これら二つのうちのどちらの解釈を採るかで仏訳は次のように異なる。前者が第一解釈に対応し、後者が第二解釈に対応する。
Selon la pensée de Fukuzawa, cette indépendance devra être celle d’un pays, fondée sur la conscience du lien horizontal entre les membres d’un État, et celle-ci ne s’établira qu’après, par l’esprit de liberté, le développement de l’individualité, c’est-à-dire de la conscience de l’indépendance de chaque individu.

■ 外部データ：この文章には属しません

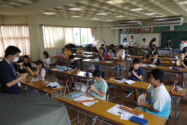 5年生が音楽で合奏に取り組んでいました。まずは個人で、そしてお互いにパートごとの練習に夢中になっていました。その後、全体で合わせてみます。演奏中は楽譜を覗き込みながら、自分のパートだけでなく、周囲の音にも耳を傾けながら、真剣にリズムを刻んでいます。演奏終了後、音楽室に「できた!」の声とたくさんの笑顔があふれていました。
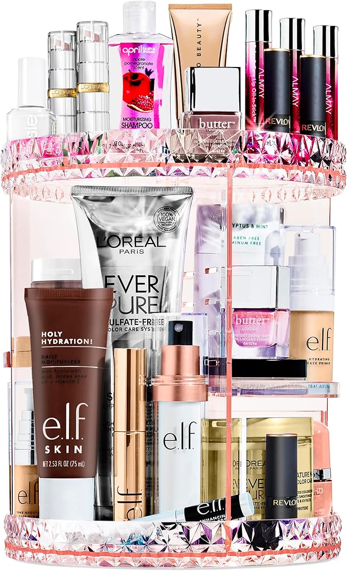 - SPINNING MAKEUP ORGANIZER CAROUSEL - Organize your favorite beauty products in this rotating makeup and perfume organizer - This elegant makeup organizer features beautiful diamond trim - The Sorbus Makeup Storage Rack makes a great gift for any teen girl or adult - Perfect for beauty, fashion, and make up lovers - Measures approx. 10" L x 11.5" H
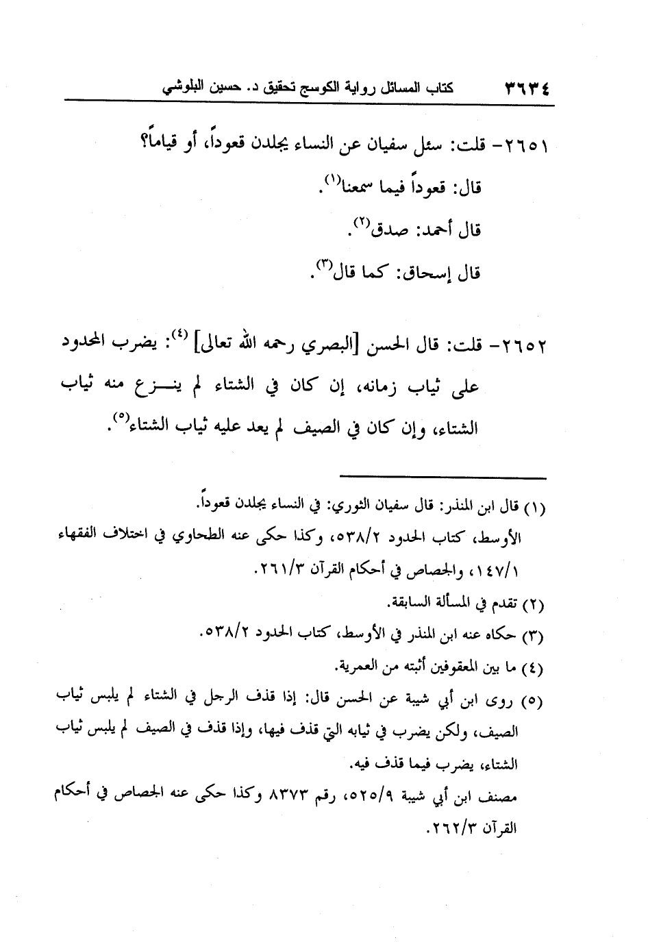 [2651-] قلت: سئل سفيان عن النساء يجلدن قعوداً، أو قياماً؟

Selon la pensée de Fukuzawa, cette indépendance devra être celle d’un pays, qui ne sera établie qu’avec, par l’esprit de liberté, le développement de l’individualité, c’est-à-dire celui de la conscience de l’indépendance de chaque individu, et (aussi) fondée sur la conscience du lien horizontal entre les membres d’un État.
前者の解釈には未解決の問題が残されている。個人の独立の意識の発展は国民の水平な紐帯の意識を必然的に生じさせると著者は考えているのか、あるいは、前者は後者の必要条件ではあっても十分条件ではなく、前者から出発して後者の確立へと至るためにはさらに平等意識や民主主義等を条件として必要とするという考えがこの文章に前提されているのか、という問題である。しかし、翻訳としては、この不確定性はそのままにしておくのが妥当であろう。

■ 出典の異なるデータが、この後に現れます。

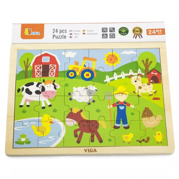 Дървен пъзел Ферма, 24 части – Viga Toys
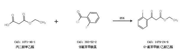2.通过丙二酸单乙酯和邻氟苯甲酰氯合成(2-氟苯甲酰)乙酸乙酯,收率约85%;

後者の解釈によれば、この文は、個人の独立の意識と国民の水平な紐帯の意識との関係はここでは問われておらず、一国の独立にはこれら二条件が必要だと言っているだけだということになる。したがって、後者の翻訳が穏当ということになる。この場合、個人の独立の意識と国民の水平な紐帯の意識とは、それぞれ独立に成立しうるのか、あるいは、後者は前者なしでも成立しうるのかという問いが残る。しかし、これらの問題への解答は、この文章の翻訳という問題の枠組みを超えている。
これは翻訳の問題としては些細な一例に過ぎないが、それを通じて向き合うことになる政治思想の問題はけっして小さくはない。